Recall that the algorithm of original policy iterations are
(1) Set a grid consisting of k and k’ columnwise and rowwise respectively.
(2) Calculate utility for consumption as U using the grid matrix above.
(3) Starting from a certain v, update v1=U+beta*v’ so as to maximize v1.
(4) Repeat (3) by setting v=v1 for many times or until some criterion is met.
(5) Find the final corresponding value of k as k’ according to the maximum value.
together with
(a) Find the corresponding k’ from (3) in value function iterations.
(b) Calculate utility from k and k’ as r.
(c) Starting from a certain vp, update vp1=U+beta*vp where vp=(1/(1-beta))*r.
(d) Repeat the whole thing by setting vp=vp1 until some criterion is met.

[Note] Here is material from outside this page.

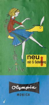 Faltprospekt für Schreibmaschine Olympia Monica neu mit S-Schaltung Nr. 1/31/009/01

where we calculate exact amount of change in value function for the change in policy
function by inverting linearly in the form of vp=(1/(1-beta))*r to the next.
Now we consider its modified version.
The modified algorithm is:
(c’) Starting from a certain vp, update vp1=U+beta*vp where vp is updated directly by:
From Vi_1=0
Update Vi=r+beta*Vi_1 until Vi and Vi_1 are almost the same.
Set the final Vi to Vp.
We here do not use linear inversion as in policy iterations.
That is a kind of nonlinear solving. Due to the convergence criteria, it may take
more iterations for big loop than the case of original policy iterations. Of course,
there are many iterations to get the conversion to get each Vp in inner loop.